The book, translated by James D. Faubion, begins with his lecture series titled Truth and Juridical Forms. Foucault begins this series by – contrary to very popular opinion – criticizing the Marxists’ approach to power. Foucault sees power as a set of games. His analysis, in theory, is also Nietzschean, not Marxist. Anyone claiming Foucault was a Marxist philosopher appears to have been unfamiliar with his work or they are liars. Power and Knowledge, according to Foucault, interact through a subject’s instincts (hence the Nietzschean basis for Foucault’s analysis of Power), emotions, and conflict, producing new knowledge forms (pp. 8-14). I think what should be understood by reading Foucault’s first lecture on Power is that the subject is as much a product of his circumstances as he shapes them, specifically as it relates to his knowledge domains and fields (p. 15). This conceptual relation between the subject, his environment, power, and knowledge will also be explored later in this analysis. Foucault’s main point for this lecture series can be summarized from this translated sentence: “What I intend to show in these lectures is how, in actual fact, the political and economic conditions of existence are not a veil or an obstacle for the subject of knowledge but the means by which subjects of knowledge are formed, and hence are truth relations.”

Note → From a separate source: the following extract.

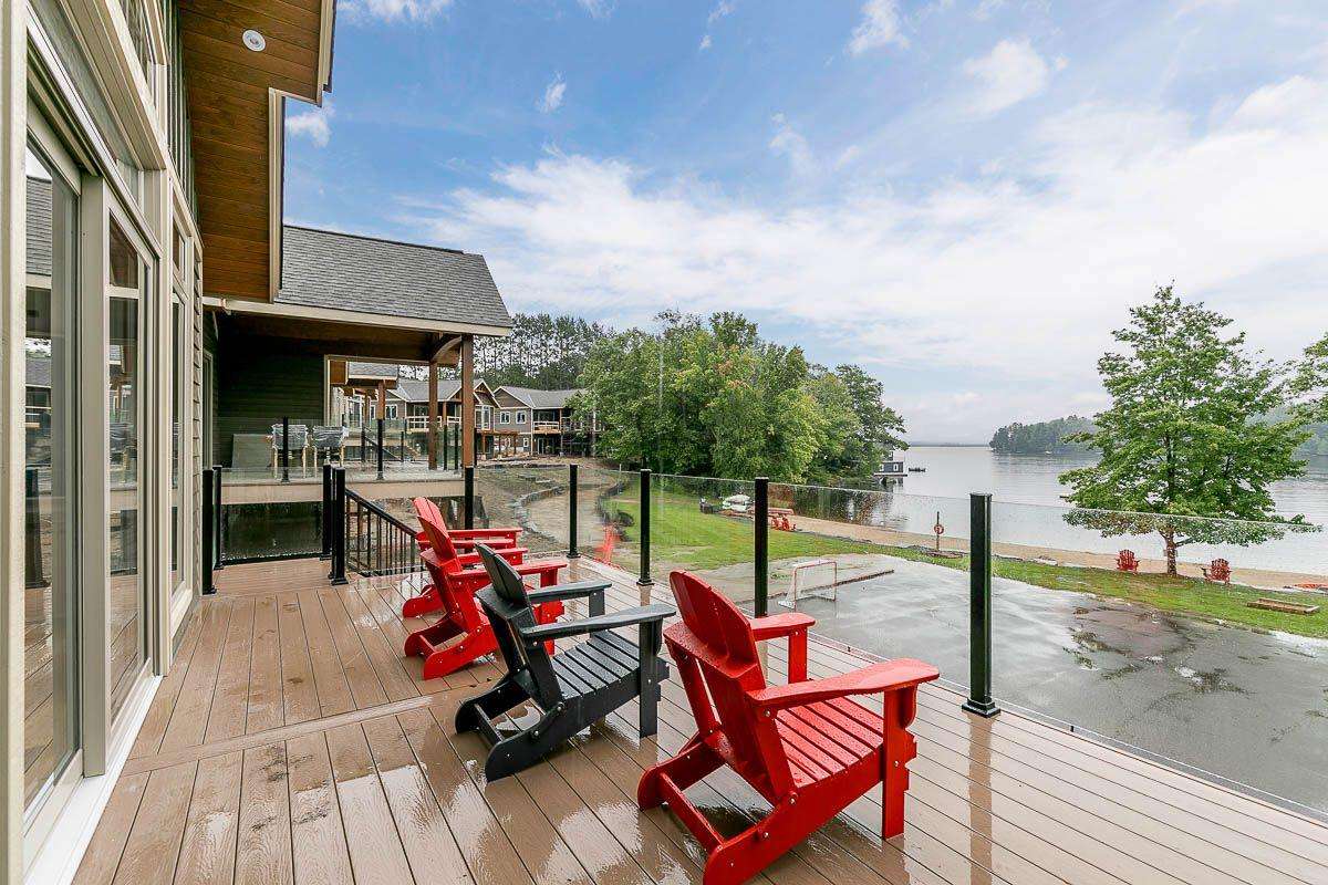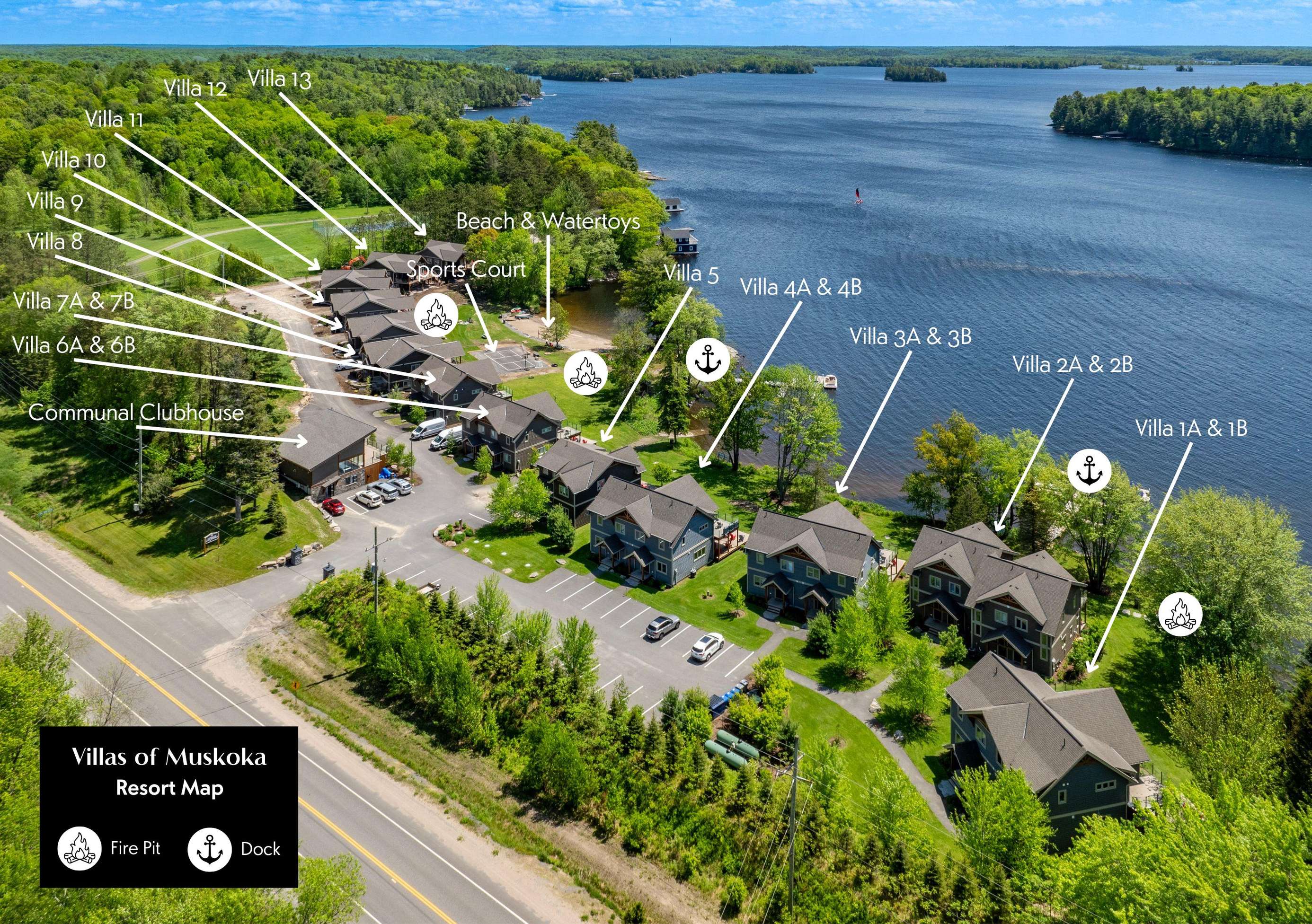 VIlla 8 Large shared waterfront resort with a large dock, water bouncer. Enjoy sunsets or quiet relaxation from your own balcony or patio. Landscaped lawn with three shared fire pits to relax and enjoy the views of Lake Muskoka. Equipped with a pickleball /basketball court, horseshoes and many other family activities. There is also a clubhouse with games for everyone to enjoy.

To demonstrate his thesis, Foucault begins by exploring the ancient Greeks’ power games. Firstly, he begins by suggesting that the first power game played by the ancient Greeks was “the testing game” (p. 18). This testing game is identified through the Homeric epic, the Iliad. The testing game is later transformed into a knowledge and power game. This power game of knowledge and power serves as the meat of Foucault’s analysis and emanates from his interpretation of Oedipus Rex (p. 23).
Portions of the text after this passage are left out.